IEEE/ACM Trans Comput Biol Bioinform. 2017 Nov-Dec;14(6):1214-1227. doi: 10.1109/TCBB.2016.2595577. Epub 2016 Jul 28.
External control of gene regulatory networks (GRNs) has received much attention in recent years. The aim is to find a series of actions to apply to a gene regulation system making it avoid its diseased states. In this work, we propose a novel method for controlling partially observable GRNs combining batch mode reinforcement learning (Batch RL) and TD() algorithms. Unlike the existing studies inferring a computational model from gene expression data, and obtaining a control policy over the constructed model, our idea is to interpret the time series gene expression data as a sequence of observations that the system produced, and obtain an approximate stochastic policy directly from the gene expression data without estimation of the internal states of the partially observable environment. Thereby, we get rid of the most time consuming phases of the existing studies, inferring a model and running the model for the control. Results show that our method is able to provide control solutions for regulation systems of several thousands of genes only in seconds, whereas existing studies cannot solve control problems of even a few dozens of genes. Results also show that our approximate stochastic policies are almost as good as the policies generated by the existing studies.
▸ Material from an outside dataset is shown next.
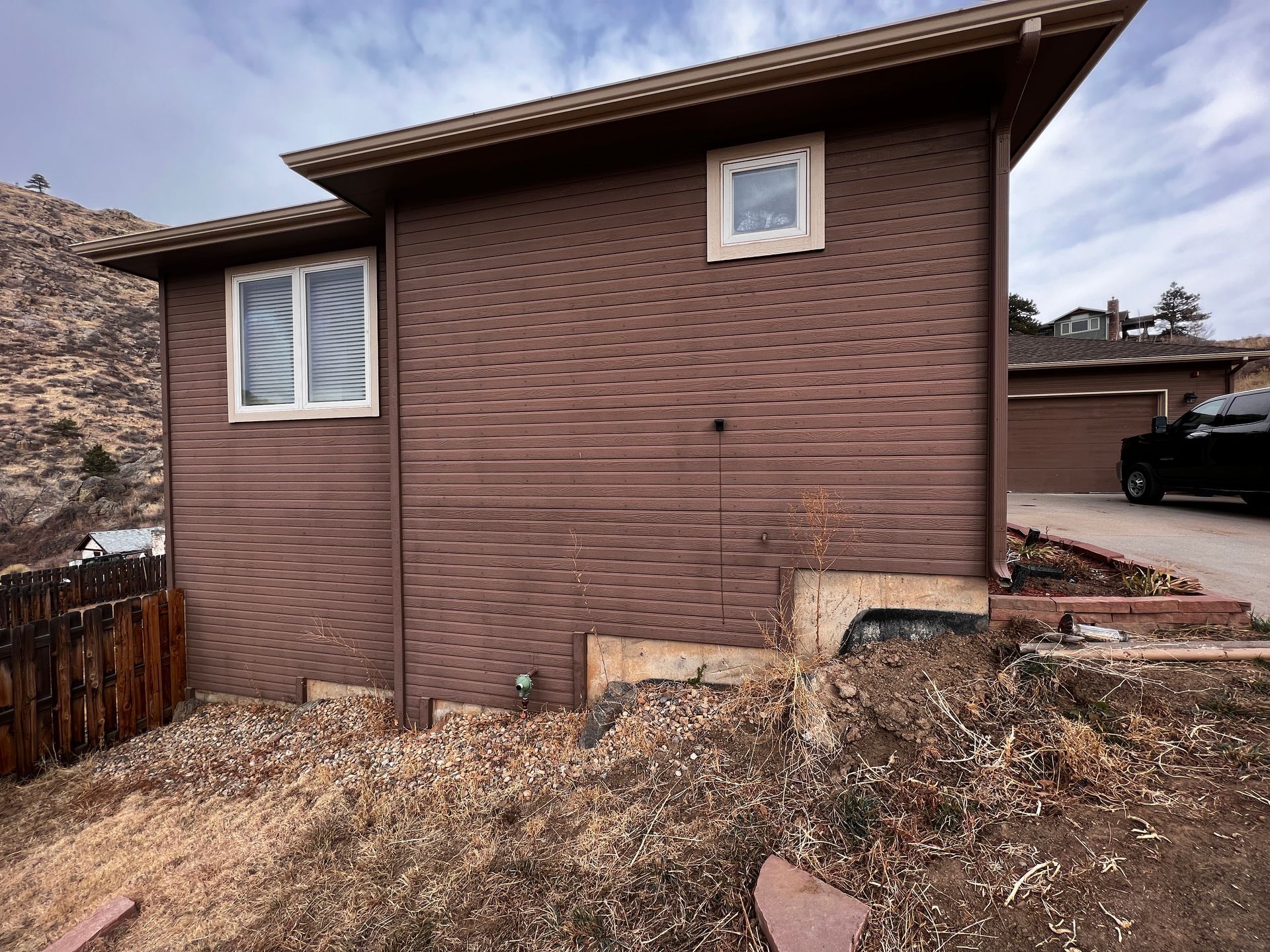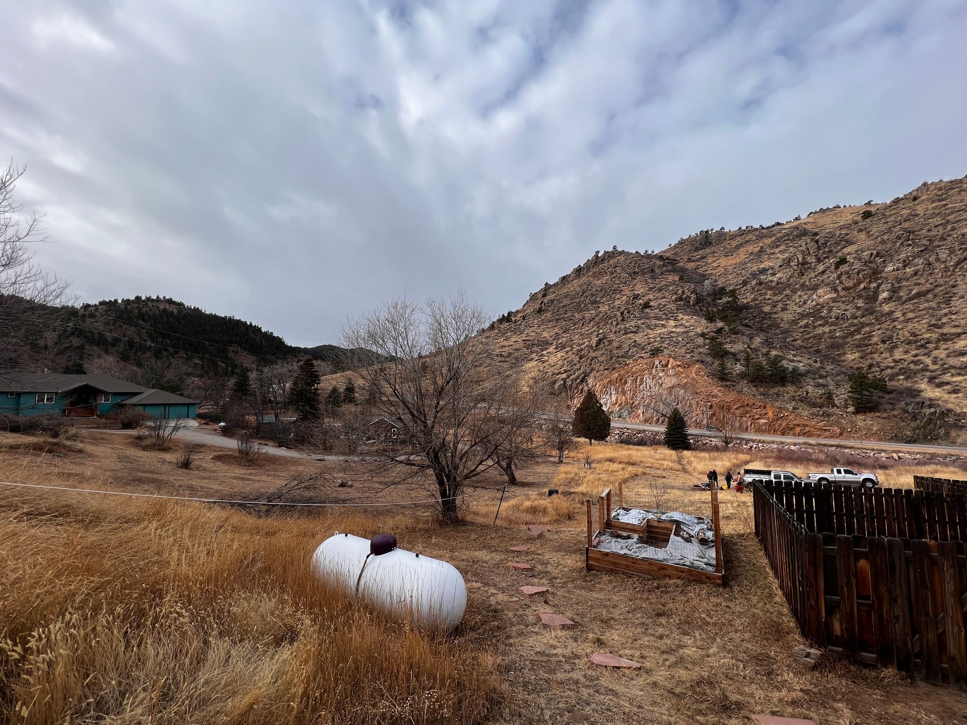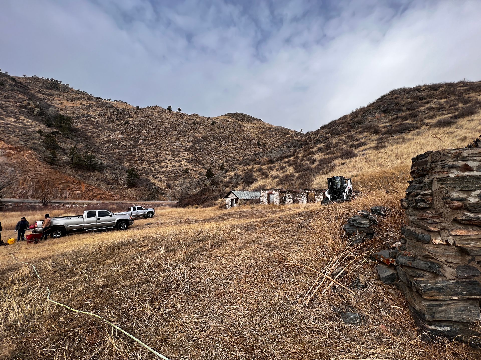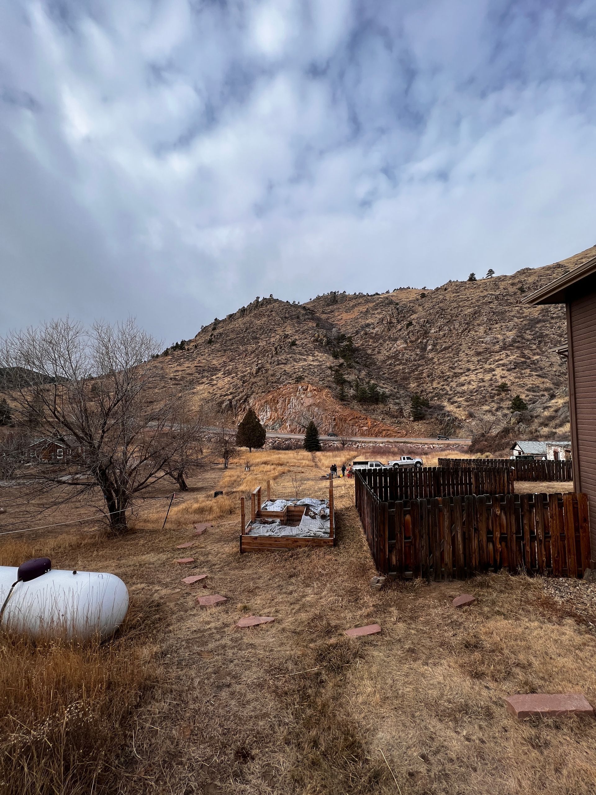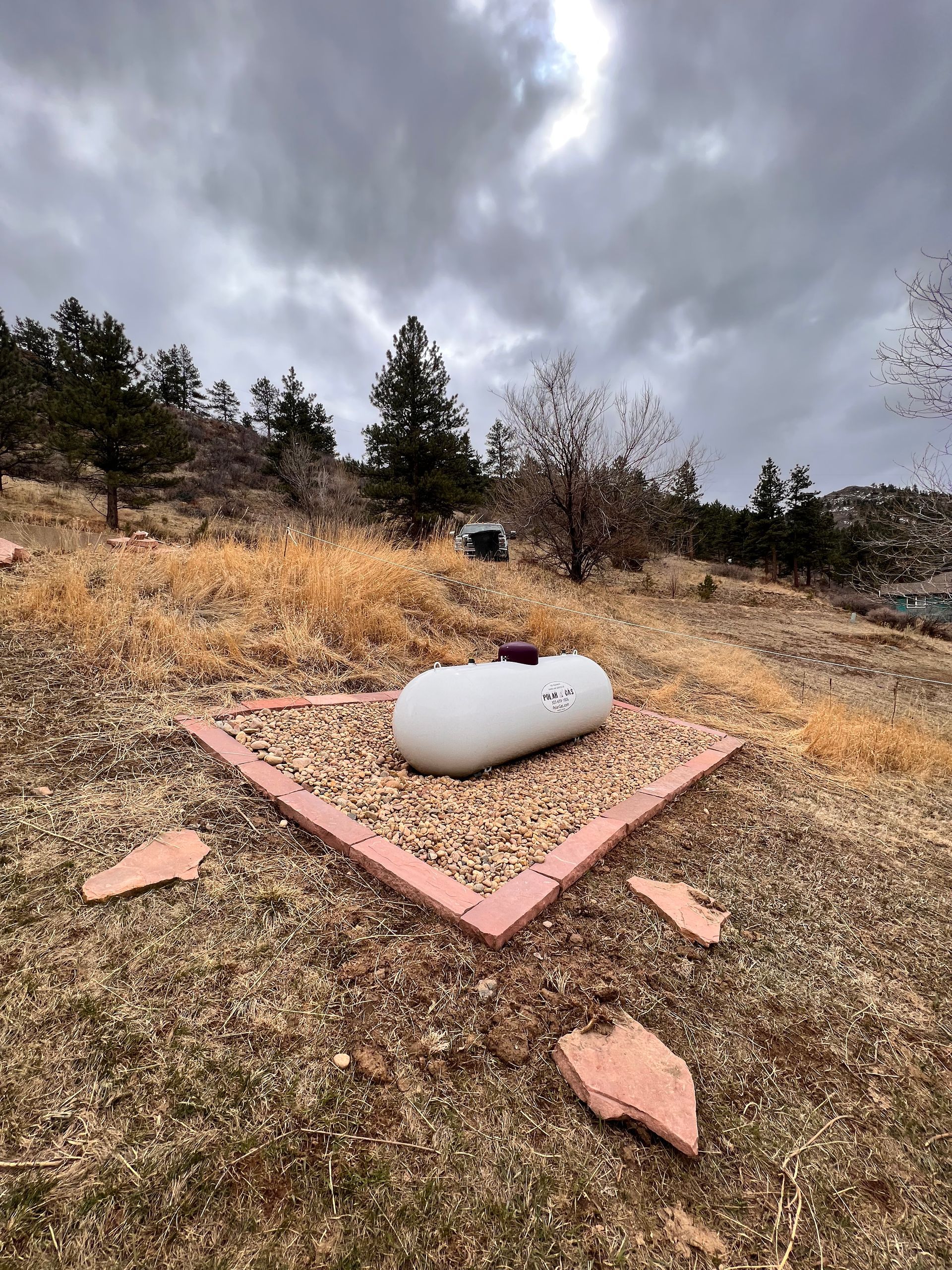As part of fire mitigation work, Colorado red stripstone dry stacked 3' away from entire house with river rock in new beds. Boulder retaining wall also. Lyons, CO 2022

近年来,基因调控网络(GRNs)的外部控制受到了广泛关注。其目的是找到一系列作用于基因调节系统的操作,使系统避免出现疾病状态。在这项工作中,我们提出了一种新的方法,将批量强化学习(Batch RL)和 TD()算法结合起来,用于控制部分可观测的 GRNs。与现有的从基因表达数据推断计算模型并获得对构建模型的控制策略的研究不同,我们的想法是将基因表达数据解释为系统产生的一系列观测结果,并直接从基因表达数据中获得近似随机策略,而无需对部分可观测环境的内部状态进行估计。因此,我们摆脱了现有研究中最耗时的阶段,即推断模型和运行模型进行控制。结果表明,我们的方法能够在几秒钟内为数千个基因的调节系统提供控制解决方案,而现有的研究甚至无法解决几十个基因的控制问题。结果还表明,我们的近似随机策略几乎与现有研究生成的策略一样好。